Thursday, June 25, 2009
In my search for the perfect car to replace my current one, I have stated that I am in no hurry: mine is pretty fuel efficient, relatively low-mileage and has been a great car to own and drive. Above is a picture of the Tesla S, an all-electric car that should be available when mine is ready for replacement and can go up to 300 miles on a single charge. Now we are talking my language!
Anyway, the idea that I would hasten to trade-in my current car raises some interesting general equilibrium issues as I have mentioned: what does this do to the used car market, the volume of new car production, etc.

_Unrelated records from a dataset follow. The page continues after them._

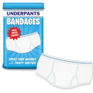 Dont leave your wound out there for everyone to see Quick cover it up with one of these Underpants Bandages Each 3-34 95 cm tall metal pocket tin contains twelve 2-12 x 1-14 63 cm x 32 cm latex-free adhesive bandages with sterile gauze and a FREE PRIZE to take your mind off of the e Read More..
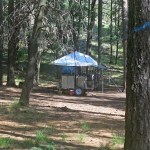 I was thrilled to reach the crest, to cross the watershed and glimpse the eastern landscape, the mountains I was familiar with from many previous trips. Here a side road continues a thousand feet higher to a campground in the sky. I drove below tall firs that emphasized the altitude – everywhere there was a feeling of being on top of the world. I passed some kind of official crew camping at a dispersed site in a grove of giants below the road – they were gone when I returned in the afternoon. At the 8,400-foot campground I saw one RV, but apart from me and these there wasn’t another vehicle on the mountain. I parked, breathed the clean high-elevation air, and ate the tacos I’d picked up on the way.
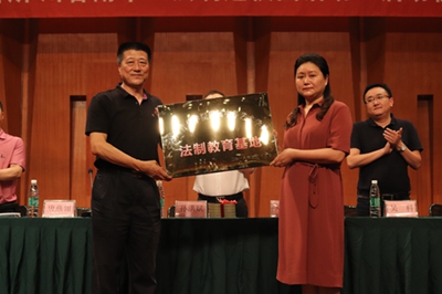 之后附中党总支唐燕翎书记宣布四川省成都市未成年犯管教所成为beat365法制教育基地,并向其授予“法制教育基地”牌。
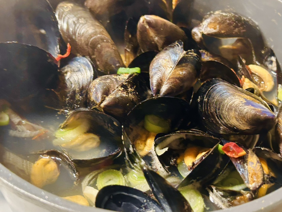 홍합은 가성비도 좋고 간단한 조리법으로도 맛내기 쉽고 조개류 치고 비린맛도 거의 없는 편이고 바다 윗쪽에서 매달려 자라기 때문에 모래가 없어서 해캄을 할 필요도 없어서 깔끔한 요리를 만들 수 있어요.
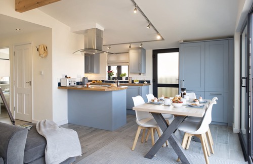 Set in the cliff top village of Freathy, the property has beautiful views out over the fields and towards the sea. A recently built three-bedroom chalet it is situated very close to the coastal footpath, and within walking distance of some truly spectacular beaches. With large views out of vast windows from the open plan kitchen/living room towards a scheduled monument, and three warm comfortable bedrooms this is the perfect place for a family holiday.
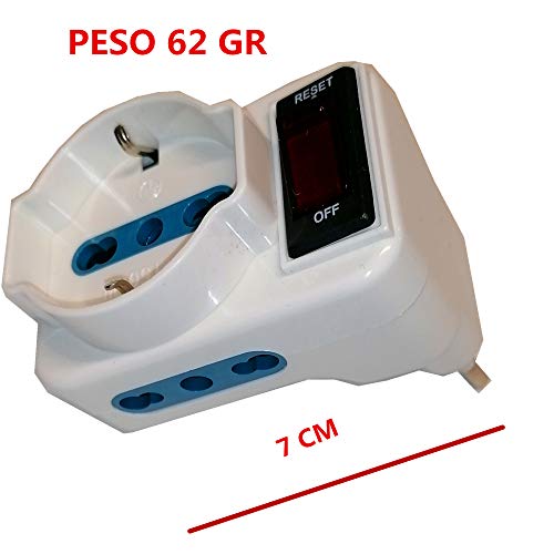 MAX8 Adattatore con Spina Piccola 10A Bianco con Interruttore, 2 prese 10/16A e 1 presa Schuko 10/16A, con protezione sovraccarico
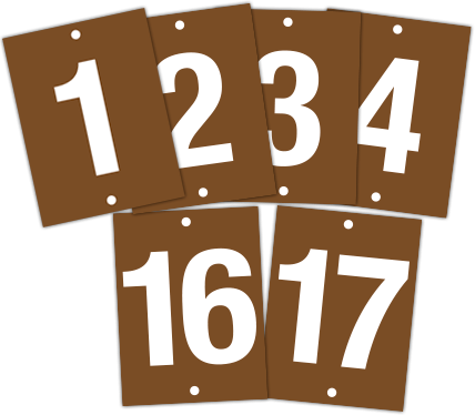 3 x 4 x .063 Alum. Sign - "Numbers 1...17", Wht/Brn, EG
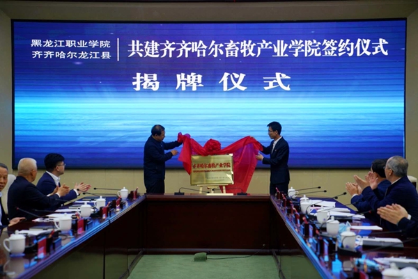 黑龍江經(jīng)濟(jì)網(wǎng)訊(李福山 王鴻儒 記者魏伯勤)為搭建校地校企合作平臺,聚焦產(chǎn)業(yè)人才短板,接軌應(yīng)用型院校人才培養(yǎng)體系,建立產(chǎn)業(yè)人才聯(lián)合培養(yǎng)機(jī)制,4月28日,黑龍江職業(yè)學(xué)院與龍江縣人民政府“共建齊齊哈爾畜牧產(chǎn)業(yè)學(xué)院”簽約儀式在齊齊哈爾市仙鶴賓館舉行。這次簽約是齊齊哈爾市“校企政”合作的一次有益探索,是產(chǎn)業(yè)人才培養(yǎng)、產(chǎn)教融合的新路徑、新載體,是推動齊齊哈爾全市畜牧業(yè)高質(zhì)量發(fā)展的一項(xiàng)重要舉措。
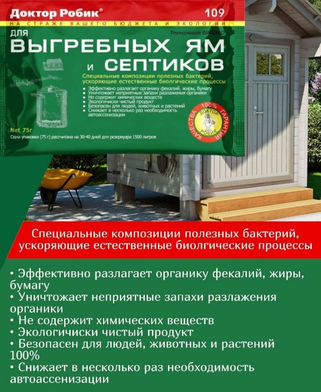 Биопрепарат Доктор Робик 75г №109 для выгр.ям и септиков

The new 'Cash for Clunkers' bill is a good vehicle to use to discuss these issues. In it, if you have a relatively low mileage car (18 mpg or less) no older than a 1984 model, you can get a voucher worth up to $4,500 for trading-in that car and buying one with significantly higher mileage. But will this lower fuel consumption and emissions? It is not clear. First, with all of these traded-in high mileage cars on the used car market we can expect the price to be pushed down significantly which will increase quantity demanded even with the high mileage. So people will buy these cars that might not have bought at car at all or who would have bought a higher mileage car. Second, this may lower the threshold for scrapping cars and increase the production of new cars which is pretty energy intensive one imagines. So will the net effect be a reduction in carbon emissions? I am doubtful.
Wednesday, June 24, 2009
Two soccer stories pop up at the same time making for one efficient blog post. And I know you all turn to the Oregon Economics Blog for your soccer news...
The USA soccer team defeated world number one Spain 2 to 0 in South Africa today in the FIFA Confederations Cup. Spain is far and away more talented top to bottom, but soccer is the ultimate team game and the USA just plain wanted it more. Bravo. They will now likely face Brazil on Sunday as Brazil play South Africa tomorrow. But after today, don't count South Africa out, especially as they are playing at home.
Closer to home, the Portland City Council did the right thing and decouple the Beaver's search for a new stadium and the MLS to PGE park deals. Bravo again. Without this, MLS in Portland would certainly have been scuttled. As I have said many times, is there is better model for the viability of PGE Park than MLS? I don't think so. The Beavers are leaving anyway, best to focus on how to save PGE Park from being a budgetary black hole and provide another entertainment option for poor deprived Portlanders.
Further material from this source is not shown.